公司概述
Erie Indemnity Company operates as a managing attorney-in-fact for the subscribers at the Erie Insurance Exchange within the United States, delivering issuance and renewal services alongside sales support, agent compensation, and underwriting capabilities. This entity functions within the Financial Services sector, specifically classified under the Insurance Brokers industry, positioning it as an intermediary that facilitates insurance distribution rather than underwriting its own primary risks. The company commands a substantial market capitalization of $13.45B, supported by an annual revenue stream of $4.07B and an operational workforce of 6667 employees. These financial magnitudes indicate that Erie Indemnity Company holds a significant footprint in the insurance brokerage landscape, reflecting a mature business model capable of generating substantial top-line revenue through its extensive agent network and service infrastructure.
财务健康
The company reported a trailing twelve-month revenue of $4.07B, with net income standing at $559.33M and EBITDA reaching $808.99M. The gap between the $4.07B revenue and the $559.33M net income reveals a cost structure where operating expenses, including commissions, claims reserves, and administrative costs, consume approximately 86.2% of total revenue before arriving at the bottom line.
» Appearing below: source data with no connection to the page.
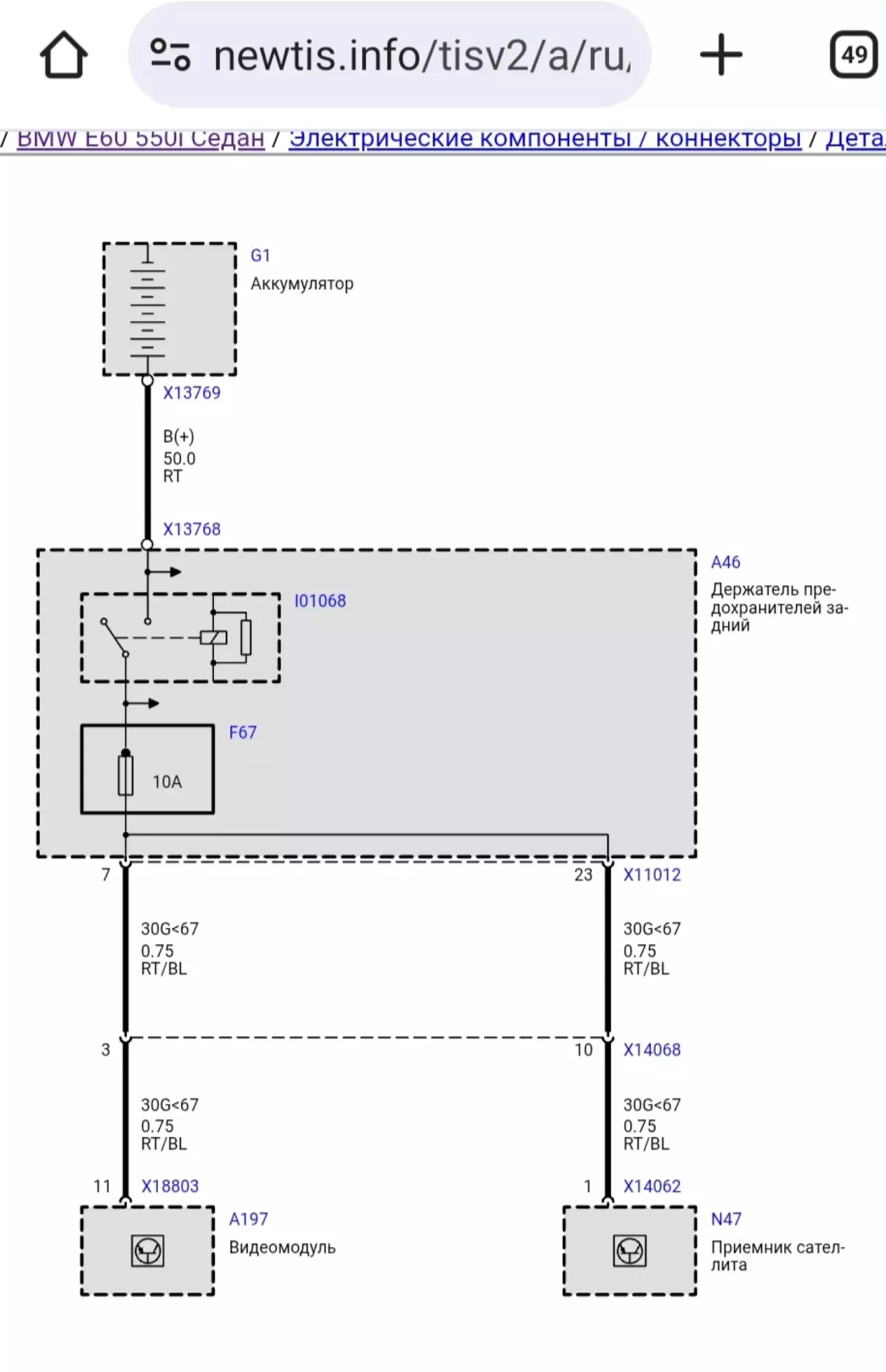 Знаходжу поряд пусте місце під ідентичний пін 23. Мало бути живлення на "Приемник сателлита", що то таке не знаю, на моєму авто відсутнє. Позначається як 30G<67 (засипаючий плюс через 67 запобіжник). Так цей запобіжик на 10А замість 20А в стоці, але мені вистачить, буду мати на увазі. На цьому запобіжнику може висіти також Відеомодуль, але такий у мене відсутній.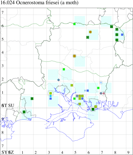 Local in pine woodland throughout much of England and Scotland. In Hampshire the majority of records are from the south of the county, but apparently increasing, or perhaps increasingly recorded, with no less than nine records in 2007. Not recorded from the Isle of Wight to date. Wingspan 8-10 mm. A small and nondescript pale grey moth, very similar to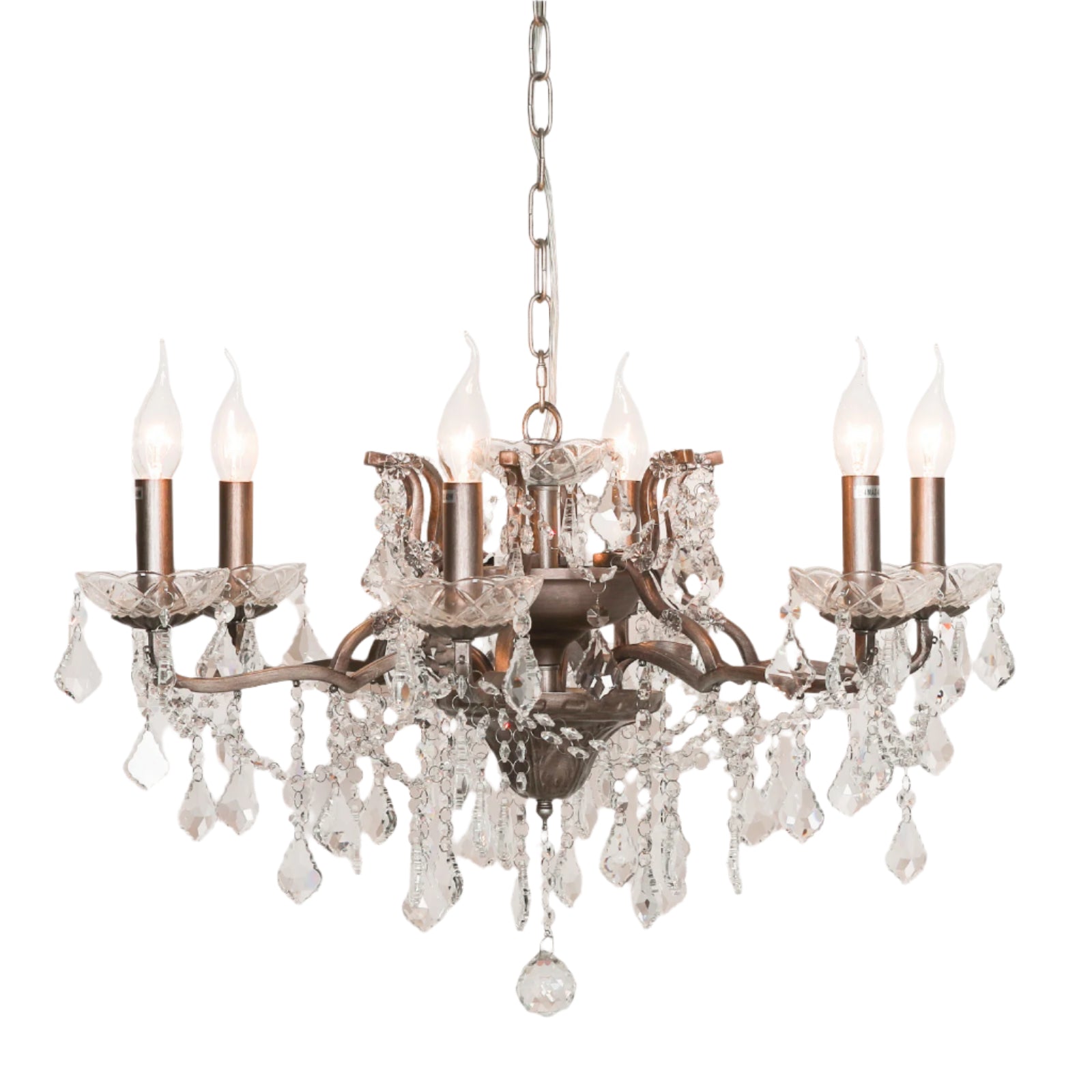 Elbright 6-Branch Antique Shallow Cut Glass Chandelier | French-Inspired Elegance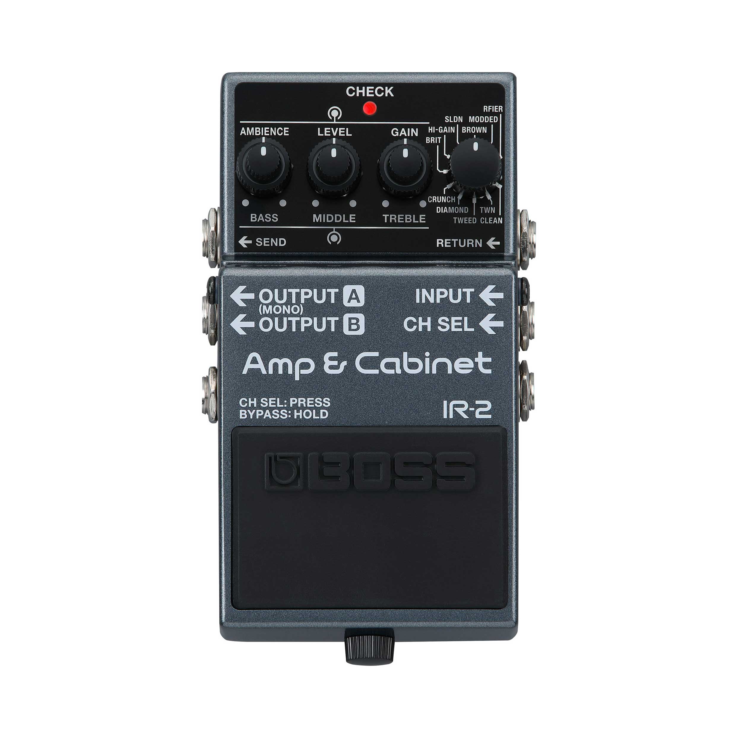 Grâce à l'interface intuitive de l'IR-2, vous êtes immédiatement prêt à jouer. Choisissez le type d'ampli et réglez le son à l'aide des boutons d'ampli classiques. Puis tournez le bouton AMBIENCE pour ajouter du volume et de la profondeur si nécessaire. Vous pouvez brancher vos pédales habituelles dans l'entrée de l'IR-2, comme s'il s'agissait d'un ampli standard. Pour aller plus loin, utilisez la boucle Send/Return et patchez des effets de modulation, delay et reverb dans la chaîne après les sons d'ampli. La prise jack Return peut fonctionner en stéréo pour transmettre le son d'effets stéréo aux sorties de l'IR-2.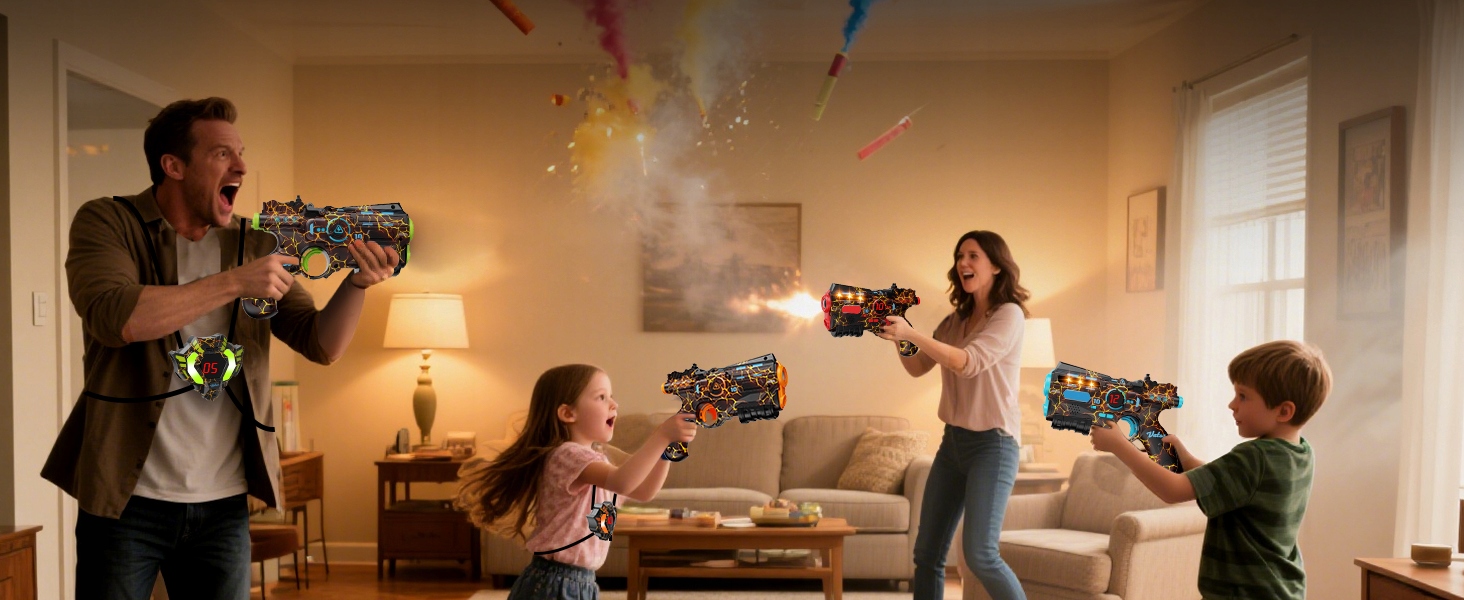 - ⭐Цей перезаряджуваний набір для лазерних тегів включає 4 пістолети та 4 жилети, ідеально підходить для дітей, підлітків і дорослих у віці 6-12+.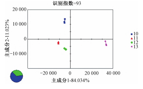 采用Alpha soft軟件對所得數(shù)據(jù)進行分析,利用主成分分析(PCA)法,通過對原始數(shù)據(jù)向量進行線性變換,對多個數(shù)據(jù)進行降維處理,轉(zhuǎn)化為少數(shù)綜合指標(biāo)。

Free cash flow generation stands at $499.90M, indicating that after capital expenditures, the company retains nearly $500M annually to fund operations, pay dividends, or return capital to stakeholders. Gross margin is recorded at 17.6%, operating margin at 17.2%, and profit margin at 13.8%, suggesting that for every dollar of revenue, the company retains 17.6 cents as gross profit and 13.8 cents as net profit after all expenses. The balance sheet shows cash holdings of $349.59M against total debt of $61.94M, resulting in a debt-to-equity ratio of 2.71, which suggests a capital structure with moderate leverage relative to equity. While the debt load is notable, the current ratio of 1.27 indicates that current assets exceed current liabilities by 27%, providing a comfortable buffer for short-term liquidity needs. Return on Equity stands at 26.2% while Return on Assets is 14.8%, demonstrating that management is effectively deploying shareholder capital to generate returns that significantly exceed the cost of equity.
估值评估
The stock trades with a trailing P/E ratio of 24.09 and a forward P/E of 18.36, implying that the market expects earnings growth that would bring the valuation multiple down from current levels to the forward estimate. The price-to-book ratio is 5.89, indicating that the market values the company at nearly six times its book value, reflecting a premium assigned to its intangible assets, brand, and distribution network. Alternative valuation metrics include a price-to-sales ratio of 3.31 and an EV/EBITDA of 16.27, suggesting the market values the company based on its ability to generate cash flow relative to enterprise value. The 52-week price range spans from a low of $233.82 to a high of $434.00, meaning the current valuation sits within a wide historical band relative to recent volatility. With a beta of 0.44, the stock exhibits low volatility relative to the broader market, moving at less than half the amplitude of the S&P 500 during periods of market fluctuation.
Growth & Income
Revenue growth over the trailing twelve months was 2.9%, while earnings growth registered at -58.4%, indicating that profitability is currently declining much faster than top-line sales are expanding. The company offers a dividend yield of 2.3% with a payout ratio of 52.0%, suggesting that more than half of the net income is distributed to shareholders, which must be weighed against the recent negative earnings growth to assess sustainability. Given the sharp contraction in earnings, the ability to maintain a 52.0% payout ratio requires careful scrutiny as the denominator in the payout ratio shrinks. The overall growth and income profile presents a scenario of stable but slowing revenue expansion coupled with a significant earnings contraction, while the dividend provides a modest income floor despite the earnings headwinds.